En primer término, si nos remontamos al origen de la humanidad, veremos que desde siempre y a lo largo de los milenios ha habido seres humanos homosexuales, bisexuales y heterosexuales. En la mayoría de los pueblos de la Antigüedad, así como en las grandes civilizaciones, la práctica sexual entre miembros del mismo sexo era común y corriente, aceptada por los habitantes como un hecho usual y producto de la decisión personal, por lo que no generaba ni controversia ni rechazo. Tenemos testimonios a través de gran cantidad de obras literarias, históricas y filosóficas. Entre estas, los Diálogos de Platón, por poner un ejemplo. También existen infinidad de representaciones en murales, vasijas, pinturas y estatuas.
Sobre este aspecto vale la pena reflexionar. En el mundo occidental, solo fue con la imposición del cristianismo como religión oficial del Imperio romano en el siglo IV d. C. que la heterosexualidad se convirtió en la única práctica sexual lícita. Recordemos que muchos de los preceptos de esta religión se derivan del judaísmo y, por lo tanto, del Antiguo Testamento. No ahondaré en este tema, pero sí agregaré que, cuando Jesucristo dijo «ama a tu prójimo como a ti mismo», frase que aparece en el Nuevo Testamento, él no especificó absolutamente nada sobre quién era o, en todo caso, qué características debía tener ese prójimo.
Así pues, la imposición de la heterosexualidad en el mundo cristiano, que se inició hace menos de dos mil años, fue sobre todo un mecanismo de control y de dominación hegemónica en una sociedad que se estaba transformando en muchos sentidos. Se pretendía eliminar de la vida cotidiana cualquier tipo de placer, sobre todo erótico, pues se consideraba que el cuerpo era el templo de Dios y que la única función de la sexualidad era la reproducción de la especie. Lo que se logró fue que, de la vida pública y relativamente tranquila y libre que llevaban, quienes expresaban su sexualidad de manera diferente pasaran a la clandestinidad, a ser perseguidos, señalados e incluso eliminados físicamente hasta extremos crueles y perversos.
En segundo lugar, para quienes argumentan que las prácticas no heterosexuales son antinaturales, la ciencia actual ha desmentido este hecho con creces. Cualquiera que tenga acceso a Internet puede buscar las diferentes especies animales que se reproducen a sí mismas sin compañero, como aquellas otras que solo comparten sexualmente con miembros de su mismo sexo.
En tercer lugar está el problema cultural. Lo sabemos, es un lugar común: somos producto de la cultura.
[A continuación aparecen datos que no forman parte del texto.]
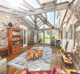 The entrance to the property is through a delightful glazed sunroom which links the barn buildings together, creating a wonderful light-filled space overlooking the gardens and providing an impressive introduction to the home.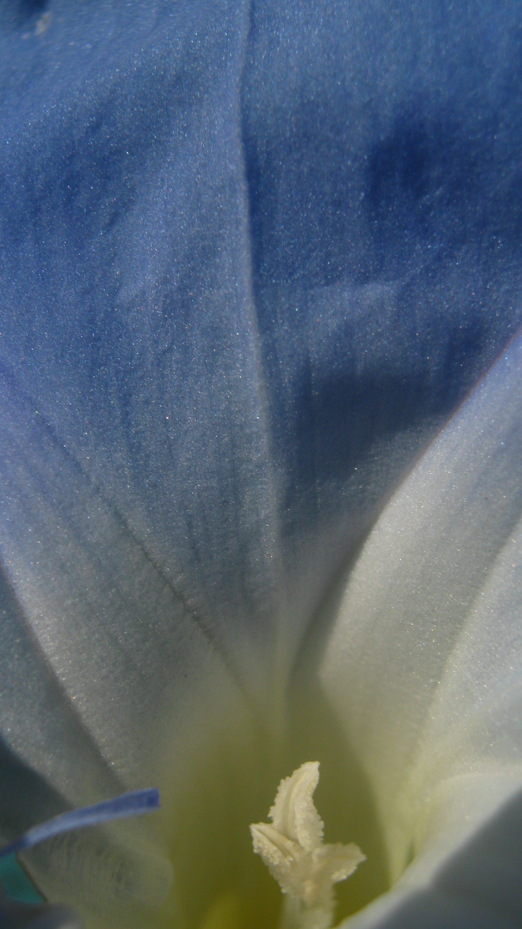 „Was ihn aber mit voller Macht anzog, war eine hohe lichtblaue Blume, die […] ihn mit ihren breiten, glänzenden Blättern berührte. Rund um sie her standen unzählige Blumen von allen Farben, und der köstliche Geruch erfüllte die Luft. Er sah nichts als die blaue Blume, und betrachtete sie lange mit unnennbarer Zärtlichkeit. Endlich wollte er sich ihr nähern, als sie auf einmal sich zu bewegen und zu verändern anfing; die Blätter wurden glänzender und schmiegten sich an den wachsenden Stengel, die Blume neigte sich nach ihm zu, und die Blütenblätter zeigten einen blauen ausgebreiteten Kragen, in welchem ein zartes Gesicht schwebte. Sein süßes Stauen wuchs mit der sonderbaren Verwandlung, als ihn plötzlich die Stimme seiner Mutter weckte […]“

Y la nuestra, según se ha visto, está estructurada de manera tal que lo masculino y todo lo que esto representa sea lo dominante. Para los guatemaltecos tradicionales, aceptar que los homosexuales, las lesbianas y demás personas en el espectro de la diversidad sexual tienen derecho a expresar libremente sus preferencias resulta inconcebible. Esto es así, imagino (trato de entender sus argumentos y el sentimiento que hay detrás de estos), porque aceptar la diversidad sexual implicaría que tendrían que admitir que el orden de las cosas está cambiando, que los privilegios que han tenido desde niños y desde hace milenios están en peligro, y porque simplemente tienen miedo. Por eso vociferan. Por eso se dan golpes en el pecho, se rasgan las vestiduras y presentan leyes a todas luces inconstitucionales. Por ello se oponen a la educación sexual, al aborto, a que las personas quieran decidir qué hacer con su cuerpo.
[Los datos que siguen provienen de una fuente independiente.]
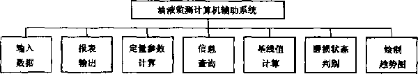 典型的油液监测计算机辅助系统由数据输入、报表输出、信息查询、定量参数计算、基线值计算、磨损状态判别趋势图的绘制等模块组成,系统结构如 图1.1所示。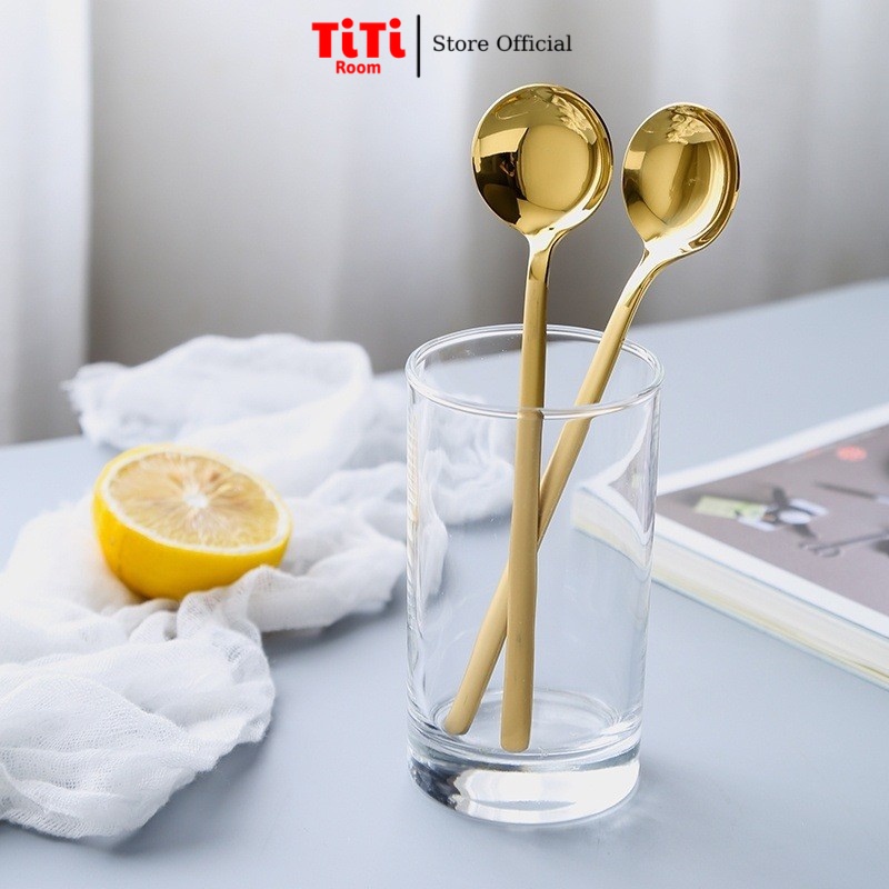 Thìa inox mạ vàng pha cà phê cao cấp sang chảnh Hàn Quốc Muỗng pha trà dễ thương TiTi Room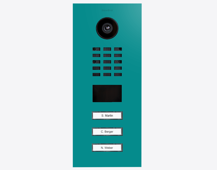 The durable Doorbird D2103V 423886117, IP VIDEO DOOR STATION, RAL 5018, stainless steel, powder-coated, semi-gloss, is for multi-tenant buildings and businesses with 3 units, and 3 call buttons.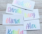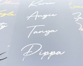 Our decals are sold by length, and the height adjusts automatically based on how many letters are in your name.

Bajo esta lógica, la del miedo, sus argumentos son comprensibles pero insostenibles. En la sociedad globalizada y tecnificada en que vivimos ya no es posible ocultar la realidad, que está a un clic de cualquier dedo curioso. El mundo está cambiando y tarde o temprano (ojalá más temprano que tarde) tendremos que reconocer que debemos estar al ritmo de los tiempos o que nuestra propia ceguera nos conducirá a la aniquilación colectiva.
Es inconcebible que, a pesar de estar en el siglo XXI, algunos piensen (y, peor aún, intenten imponer su manera de pensar al resto) como se pensaba hace más de 1 500 años. En el nuevo milenio, el reto es vivir y convivir no solo juntos, sino revueltos. Nos toca, como mínimo, aceptarnos en nuestras diferencias y luchar unidos por un mundo donde haya libertad, equidad y justicia.